Wednesday, March 10, 2010

Ignorance Is Not Necessarily Bliss

I have been employed in the I/T field for over 20 years now.  In that time, I have dealt with my share of DEU's (Dumb End-Users).  Yes, I have had people ask where the "any" key was.  There is the story of the user calling for tech support because his screen was blank.  After the technician ran through some simple troubleshooting, he realized that the computer did not have any power.  He instructed the user to bend down underneath his desk and check to make sure that the power strip was on and the computer was plugged in.  After the user told the technician to wait while he got a flashlight because the power was off to the building, the technician exclaimed that he figured out the problem.  He instructed the user to box the computer back up and return it to the store for a refund.  He was too ignorant to use a computer.

Calvin wrote in today's lesson that ignorance is no excuse for sin just as ignorance was no excuse in the mind of the technician.  Apparently Plato had argued that ignorance was a just excuse for sin, but Calvin clearly refuted that notion here.  In discussing Romans 2:14-15, Calvin writes, "Because it might seem absurd that the Gentiles perish without any preceding judgment, Paul immediately adds that for them conscience stands in place of the law; this is sufficient reason for their just condemnation."  There is no excuse because God has written his law on the hearts of all men.  Calvin defines natural law as, "that apprehension of conscience which distinguishes sufficiently between just and unjust, and which deprives men of the excuse of ignorance, while it proves them guilty by their own testimony."  In other words, men have no excuse for sin and we know it when we sin.

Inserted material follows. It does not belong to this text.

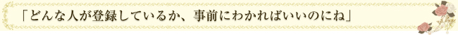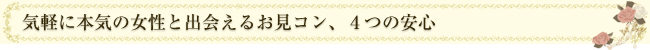 協会に登録している=真剣交際に前向きな女性と出会うことができます。サクラはひとりもいません - 安心2 「いい人がいれば結婚」程度の気持ちで十分

Men try to justify their own sin in their minds.  Calvin uses the examples of two men: one who is plotting a murder and one who is committing adultery.  The first sees this murder as something good.  The adulterer is flattered by his own sin.  In both cases, these men have become blind to their sin and have decided that their evil is good.  Most of the time "rushed headlong into wickedness", knowing that it is evil.  He continues to explain that we fail everyday.  We fall into the trap of sin all the time.  Even though we know what is evil and wicked, we choose this path.  We cannot use ignorance as an excuse because we know what is good and what is evil.  We have God's law to use as a measuring stick.  When we compare our actions to God's law we see immediately that we do not measure up.

Finally, Calvin reminds us of our need for the Holy Spirit to guide our lives.  Not all sins are committed out of malice.  Sometimes we make the wrong decision because of deception or misunderstanding.  This is no excuse for committing the sin.  "But Augustine so recognizes this inability of the reason to understand the things of God that he deems the grace of illumination no less necessary for our minds than the light of the sun for our eyes.  Not content with this he adds the correction that we ourselves open our eyes to behold the light, but the eyes of the mind, unless the Lord open them, remain closed."